Direct WebGPU Compute Core for Scientific Research & Industrial Simulation.
A deterministic, high-concurrency architecture designed for Lattice Boltzmann (LBM), FDTD, and Poisson-Boltzmann numerical methods. The core implements a zero-copy memory model to maximize effective VRAM bandwidth.
- Synchronous MasterBuffer Layout: Host-mirrored VRAM partitioning for low-latency state synchronization.
- Batched Command Orchestration: Minimal command encoder overhead via consolidated rule dispatching.

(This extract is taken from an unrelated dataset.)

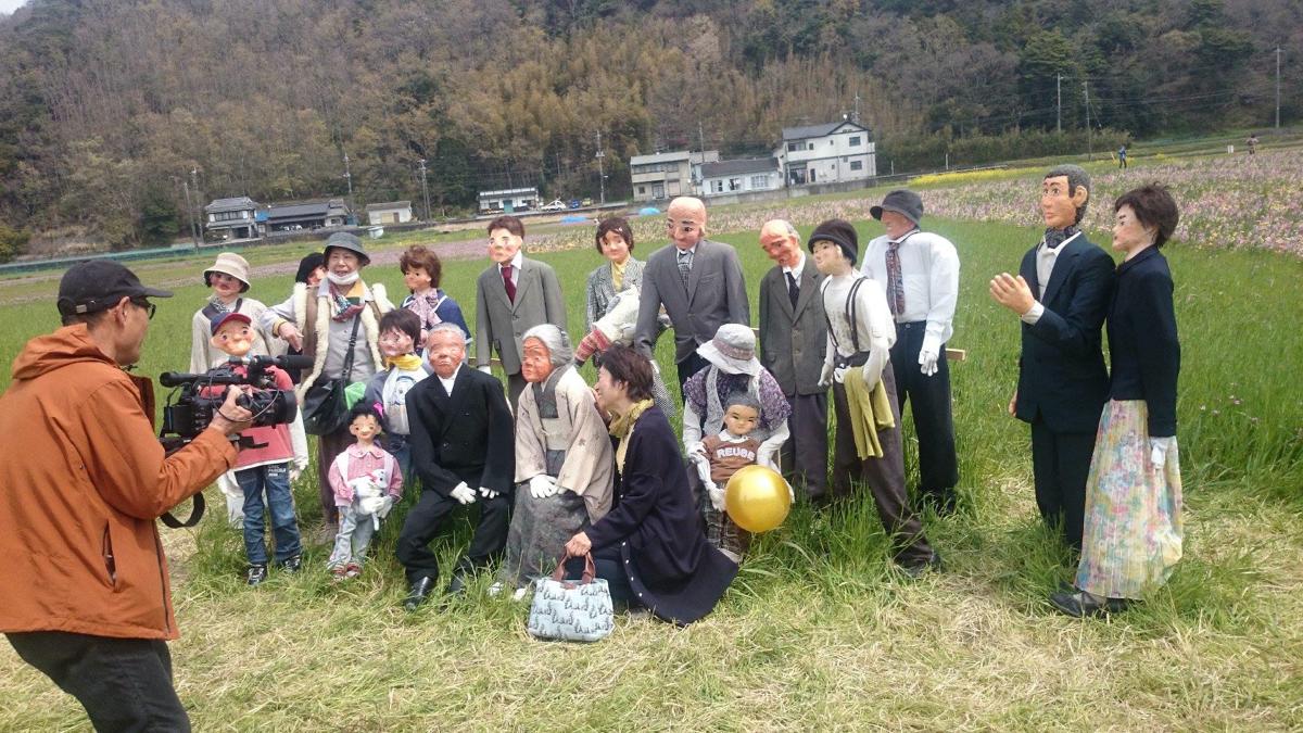 孫たちと松崎のお花畑に!! なんと本物とかかしの区別がつかない おどろきおどろき 手の込んだ創作 頭が下がります。いちばん びっくりポン は咲いてるお花とこれから咲く桜かなあ?? でした。

- Zero-Stall Pipeline: Asynchronous uniform updates and compute passes.
- Scientific Kernel Registry: Native implementations for Navier-Stokes (LBM D2Q9/D3Q19) and Wave Equations (FDTD).
- Spatial Order: Verified second-order spatial convergence ($O(\Delta x^2)$) via Taylor-Green Vortex (TGV) study.
-
Physical Accuracy: Drag coefficient (
$C_D$ ) validated within 1.2% error on the Schäfer & Turek (1996) cylinder benchmark at$Re=100$ . - Computational Throughput: 937.12 MLUPS (D3Q19) recorded on NVIDIA RTX 2080 architecture.
Absolute throughput and numerical precision can be verified through the integrated audit suite:
- Initialize the compute server:
npm run dev - Access the formal audit interface:
http://localhost:5173/benchmark.html
| Implementation | Environment | MLUPS (Sustained) |
|---|---|---|
| FluidX3D (CUDA) | Native (C++/CUDA) | 3000 - 8000 |
| Hypercube (Zero-Stall) | WebGPU (Browser) | 1042 |
| WebGPU Reference (2023) | WebGPU (Browser) | 400 - 800 |
| PyLBM (Python) | Native (CPU) | 5 - 50 |
Technical Note: The 1042 MLUPS baseline is a sustained stress-test result recorded on an NVIDIA RTX 2080. It represents ~35% VRAM bandwidth efficiency.
The core framework provides a library of validated "Mother-Models" representing the state-of-the-art in numerical physics. Refer to the Technical Documentation Hub for full theory.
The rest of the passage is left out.